Subtract the Corruption: Training-Data-Free Corrective Machine Unlearning using Task Arithmetic
Mostafa Mozafari , Farooq Ahmad Wani , Maria Sofia Bucarelli , Fabrizio Silvestri
Published on arXiv
2511.18660
Model Poisoning
OWASP ML Top 10 — ML10
Data Poisoning Attack
OWASP ML Top 10 — ML02
Key Finding
CUTS nearly eliminates backdoor attack success rates and recovers a large fraction of label-noise utility without access to clean data or original training samples, outperforming state-of-the-art source-free CMU methods.
CUTS (Corrective Unlearning in Task Space)

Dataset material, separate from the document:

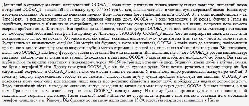 «В невстановлений день, час та місці у ОСОБА_2 разом із невстановленою слідством особою, виник спільний злочинний умисел на таємне викрадення чужого майна, поєднаний з проникненням у приміщення. Реалізуючи свій злочинний умисел, з корисливих мотивів, ОСОБА_2 за попередньою змовою із невстановленою слідством особою (…) 29.03.2019 року близько 03 години 14 хвилин підійшли до магазину «ІНФОРМАЦІЯ_3», що розташований за адресою: АДРЕСА_3 та з метою відволікання уваги мешканців від розбиття скла вітрини, запалили піротехнічний виріб, та в цей час за допомогою заздалегідь заготовленого предмету, а саме частиною гранітного каменю, розбили вікна двох вхідних метало-пластикових дверей, таким чином проникнувши до приміщення магазину», – сказано у матеріалах суду.

Novel technique introduced
Corrupted training data are ubiquitous. Corrective Machine Unlearning (CMU) seeks to remove the influence of such corruption post-training. Prior CMU typically assumes access to identified corrupted training samples (a "forget set"). However, in many real-world scenarios the training data are no longer accessible. We formalize source-free CMU, where the original training data are unavailable and, consequently, no forget set of identified corrupted training samples can be specified. Instead, we assume a small proxy (surrogate) set of corrupted samples that reflect the suspected corruption type without needing to be the original training samples. In this stricter setting, methods relying on forget set are ineffective or narrow in scope. We introduce Corrective Unlearning in Task Space (CUTS), a lightweight weight space correction method guided by the proxy set using task arithmetic principles. CUTS treats the clean and the corruption signal as distinct tasks. Specifically, we briefly fine-tune the corrupted model on the proxy to amplify the corruption mechanism in the weight space, compute the difference between the corrupted and fine-tuned weights as a proxy task vector, and subtract a calibrated multiple of this vector to cancel the corruption. Without access to clean data or a forget set, CUTS recovers a large fraction of the lost utility under label noise and, for backdoor triggers, nearly eliminates the attack with minimal damage to utility, outperforming state-of-the-art specialized CMU methods in source-free setting.
Key Contributions
- Formalizes source-free Corrective Machine Unlearning (CMU) where neither the original training data nor a labeled forget set is available — only a small proxy set of corrupted samples
- Introduces CUTS (Corrective Unlearning in Task Space), which fine-tunes the corrupted model on the proxy to amplify corruption in weight space, computes a proxy task vector, and subtracts a calibrated multiple to cancel the corruption signal
- Demonstrates CUTS nearly eliminates backdoor attacks and significantly recovers utility under label noise without clean data, outperforming specialized state-of-the-art CMU baselines in the source-free setting
🛡️ Threat Analysis
Label noise / label-flipping corruption is the other primary experimental setting explicitly addressed — the paper defends against training-time data poisoning (corrupted labels) and recovers a large fraction of lost utility, a direct ML02 defense contribution.
CUTS directly defends against backdoor/trojan attacks by amplifying the corruption in weight space via proxy fine-tuning, computing a proxy task vector, and subtracting it to cancel the backdoor — the paper reports 'nearly eliminates the attack' for backdoor triggers, making backdoor removal a primary contribution.